§ **YOUR ASSIGNMENT**:
From the first line of the entries below through the line bearing "SNT-0027 Fashion Gold", write out each line exactly. Omit pictures.

(Records from a dataset)
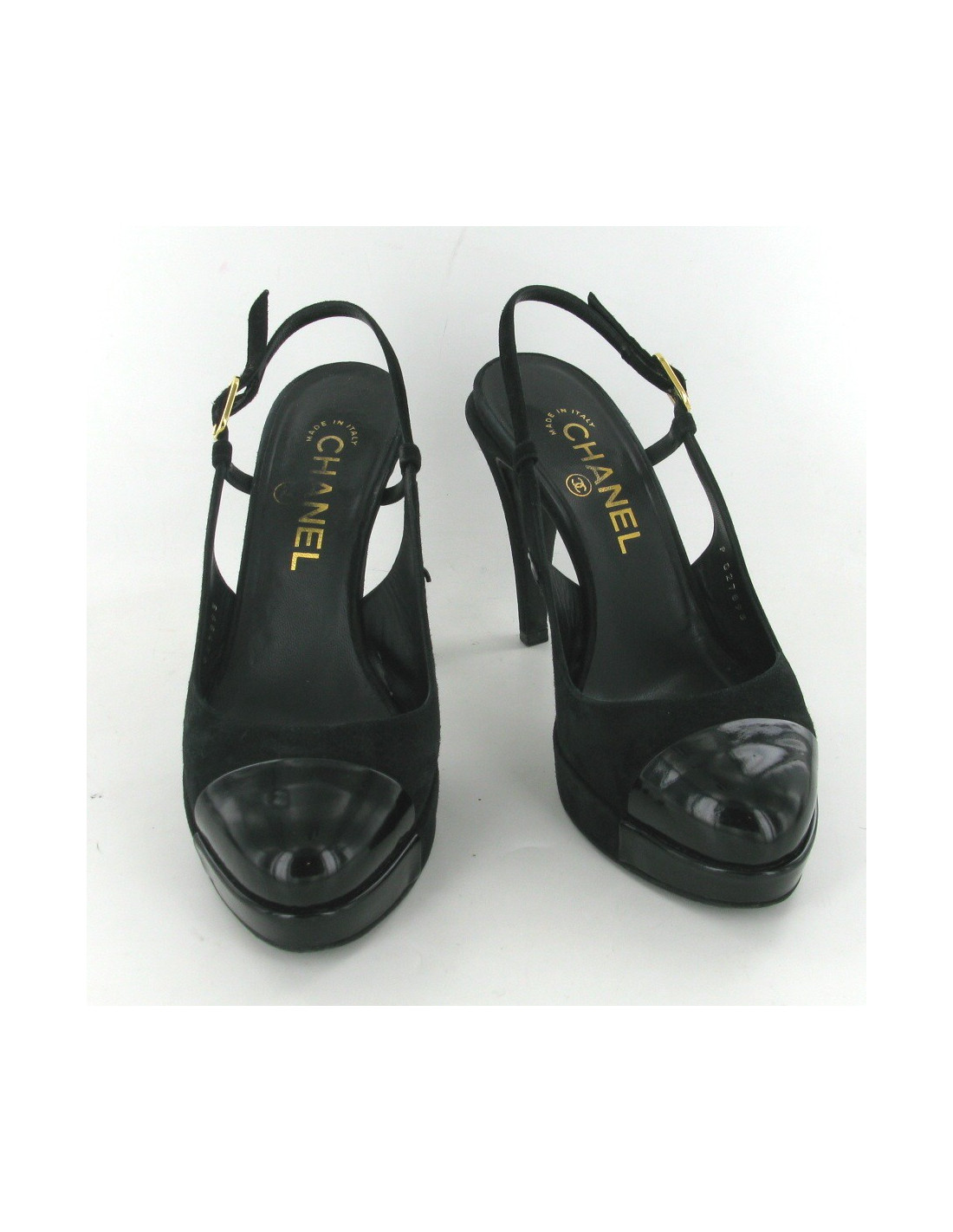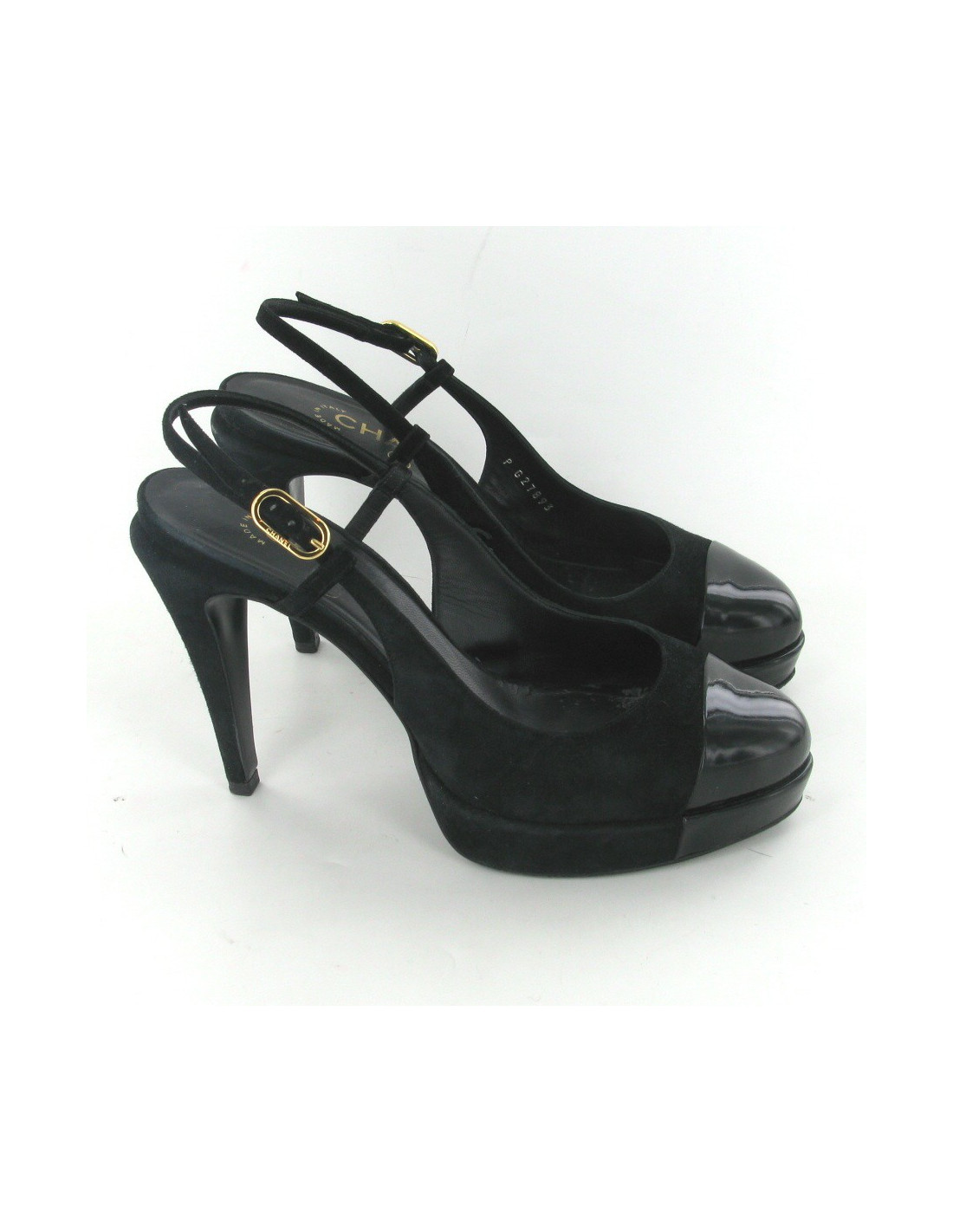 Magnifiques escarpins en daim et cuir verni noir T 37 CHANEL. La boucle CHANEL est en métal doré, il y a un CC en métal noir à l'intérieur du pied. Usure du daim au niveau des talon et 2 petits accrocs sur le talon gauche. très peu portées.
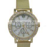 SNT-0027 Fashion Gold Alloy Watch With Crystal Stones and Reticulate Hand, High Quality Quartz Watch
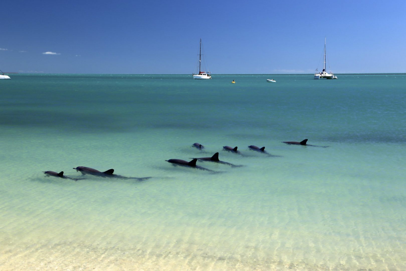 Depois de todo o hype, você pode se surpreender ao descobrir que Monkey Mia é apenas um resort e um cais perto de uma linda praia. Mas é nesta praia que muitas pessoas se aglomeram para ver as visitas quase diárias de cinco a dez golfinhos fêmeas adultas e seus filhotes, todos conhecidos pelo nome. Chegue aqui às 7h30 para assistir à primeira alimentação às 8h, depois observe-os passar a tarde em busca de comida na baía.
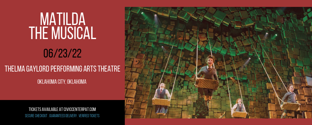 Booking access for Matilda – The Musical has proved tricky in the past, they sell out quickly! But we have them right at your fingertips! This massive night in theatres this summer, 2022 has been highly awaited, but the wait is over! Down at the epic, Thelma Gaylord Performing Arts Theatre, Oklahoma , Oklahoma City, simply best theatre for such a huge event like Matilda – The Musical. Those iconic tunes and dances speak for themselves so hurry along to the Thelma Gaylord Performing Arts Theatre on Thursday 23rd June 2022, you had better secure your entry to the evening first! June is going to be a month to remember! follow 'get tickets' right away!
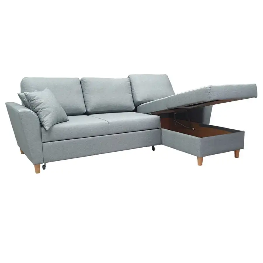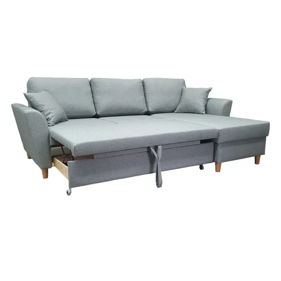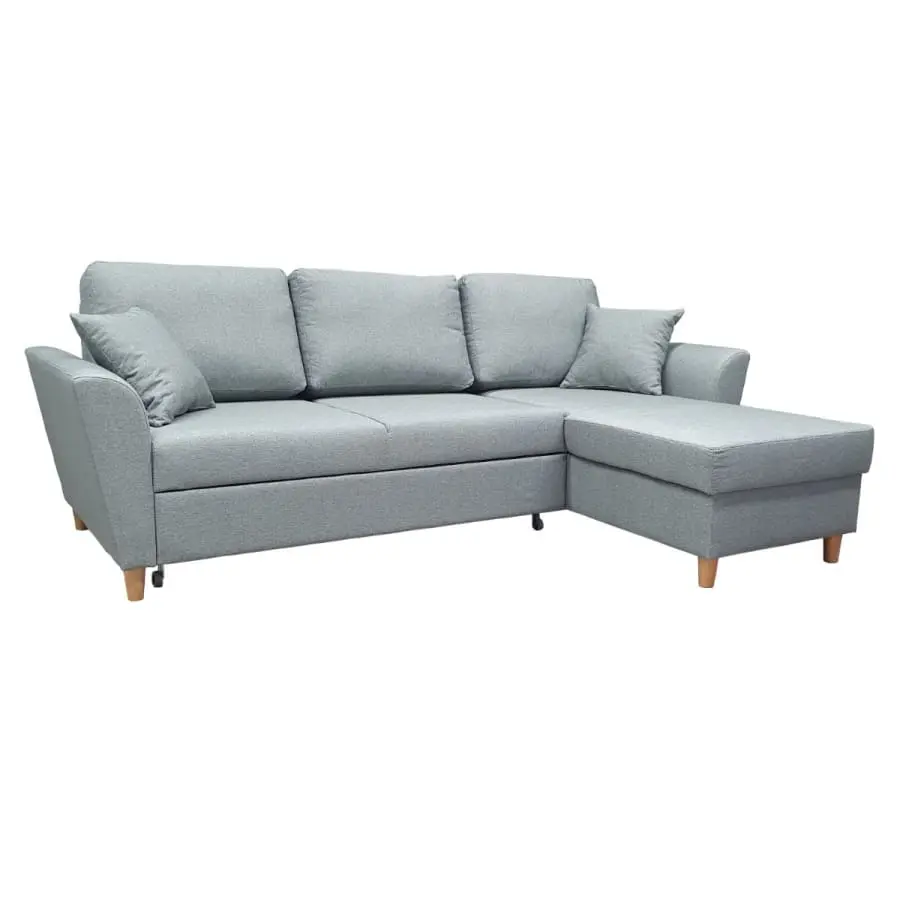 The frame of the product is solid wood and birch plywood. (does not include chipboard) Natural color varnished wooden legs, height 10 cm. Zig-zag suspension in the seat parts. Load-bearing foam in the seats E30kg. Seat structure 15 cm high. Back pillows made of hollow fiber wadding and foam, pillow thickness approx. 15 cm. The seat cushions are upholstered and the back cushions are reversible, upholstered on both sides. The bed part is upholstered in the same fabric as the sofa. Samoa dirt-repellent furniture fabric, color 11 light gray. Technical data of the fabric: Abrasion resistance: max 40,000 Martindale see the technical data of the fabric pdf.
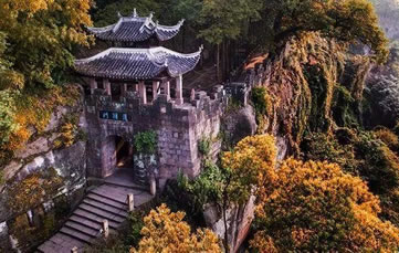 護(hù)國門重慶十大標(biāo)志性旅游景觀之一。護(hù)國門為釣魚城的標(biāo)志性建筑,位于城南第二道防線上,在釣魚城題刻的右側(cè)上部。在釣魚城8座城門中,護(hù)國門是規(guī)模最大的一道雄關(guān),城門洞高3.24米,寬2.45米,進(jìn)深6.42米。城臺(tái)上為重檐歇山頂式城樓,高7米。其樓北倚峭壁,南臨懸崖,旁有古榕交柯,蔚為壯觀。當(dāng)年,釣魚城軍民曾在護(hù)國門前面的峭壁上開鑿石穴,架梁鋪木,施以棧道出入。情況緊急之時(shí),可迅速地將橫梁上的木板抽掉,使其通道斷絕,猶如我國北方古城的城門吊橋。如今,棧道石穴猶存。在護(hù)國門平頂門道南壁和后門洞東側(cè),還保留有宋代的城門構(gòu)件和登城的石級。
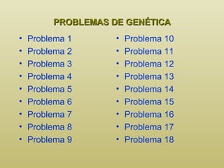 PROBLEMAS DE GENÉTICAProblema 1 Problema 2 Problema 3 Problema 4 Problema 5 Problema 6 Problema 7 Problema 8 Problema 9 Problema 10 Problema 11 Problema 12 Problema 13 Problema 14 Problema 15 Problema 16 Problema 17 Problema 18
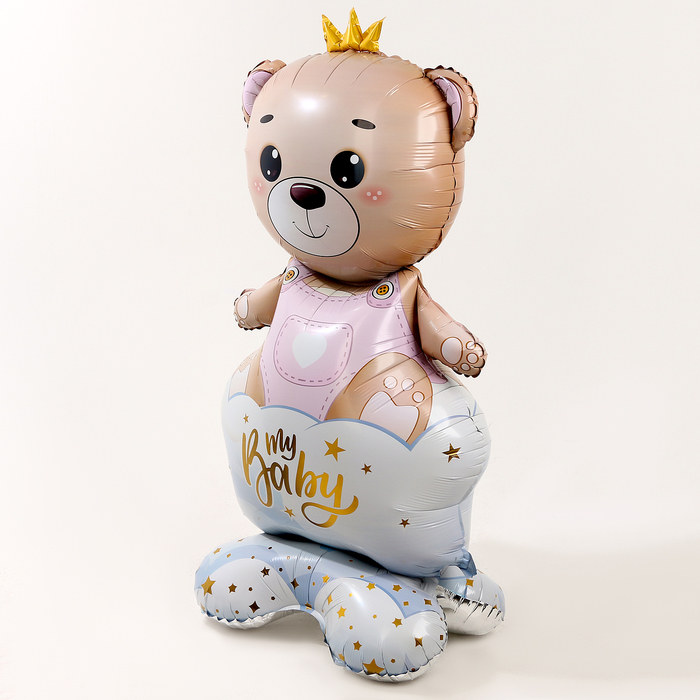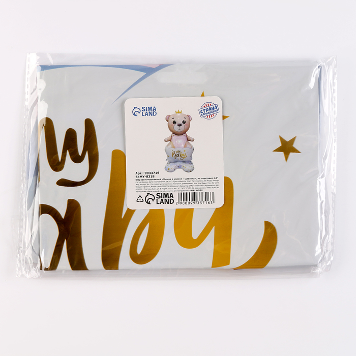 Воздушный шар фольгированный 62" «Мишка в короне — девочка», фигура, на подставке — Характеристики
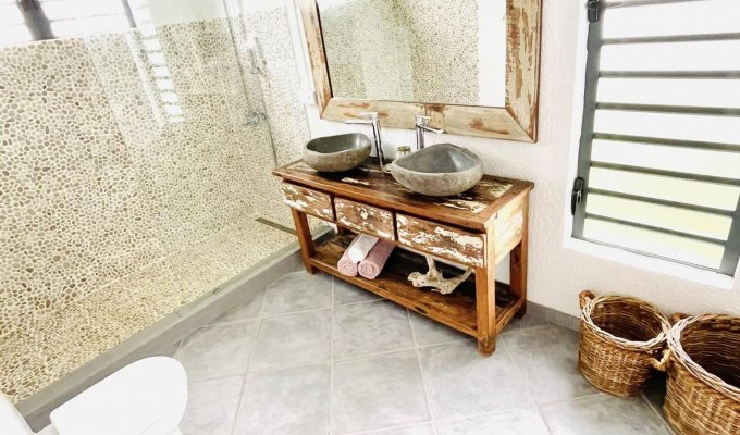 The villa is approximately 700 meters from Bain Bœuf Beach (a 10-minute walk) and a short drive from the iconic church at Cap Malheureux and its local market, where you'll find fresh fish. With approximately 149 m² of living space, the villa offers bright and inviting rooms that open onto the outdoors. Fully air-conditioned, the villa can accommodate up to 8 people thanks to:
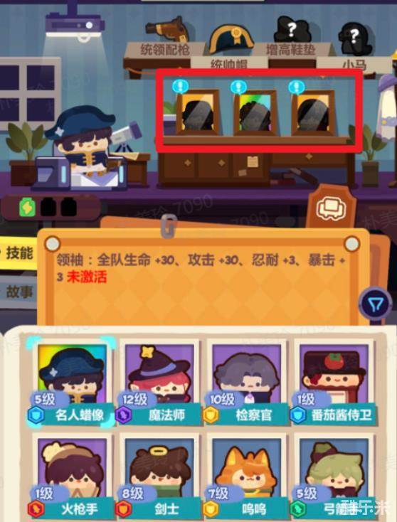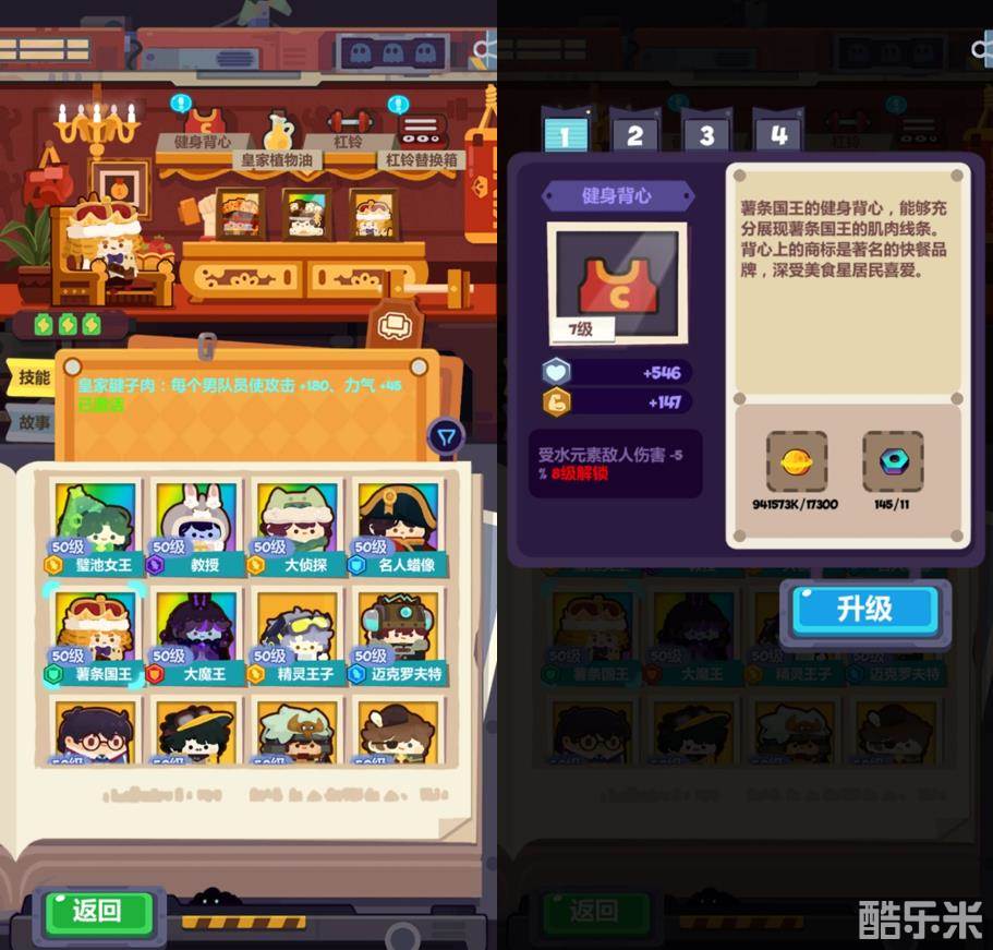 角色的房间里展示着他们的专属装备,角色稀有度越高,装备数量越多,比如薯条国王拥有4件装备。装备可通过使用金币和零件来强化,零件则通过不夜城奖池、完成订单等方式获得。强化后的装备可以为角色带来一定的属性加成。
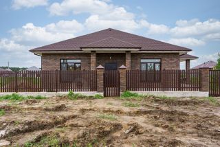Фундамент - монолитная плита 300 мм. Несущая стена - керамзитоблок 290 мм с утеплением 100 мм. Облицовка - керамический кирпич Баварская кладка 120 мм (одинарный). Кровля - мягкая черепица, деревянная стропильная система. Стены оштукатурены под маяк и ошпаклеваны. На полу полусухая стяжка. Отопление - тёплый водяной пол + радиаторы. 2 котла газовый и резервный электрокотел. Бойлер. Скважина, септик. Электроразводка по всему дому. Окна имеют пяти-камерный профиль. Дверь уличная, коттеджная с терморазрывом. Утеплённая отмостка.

§ **RESPONSE TO THIS EXERCISE**:
 Magnifiques escarpins en daim et cuir verni noir T 37 CHANEL. La boucle CHANEL est en métal doré, il y a un CC en métal noir à l'intérieur du pied. Usure du daim au niveau des talon et 2 petits accrocs sur le talon gauche. très peu portées.
 SNT-0027 Fashion Gold Alloy Watch With Crystal Stones and Reticulate Hand, High Quality Quartz Watch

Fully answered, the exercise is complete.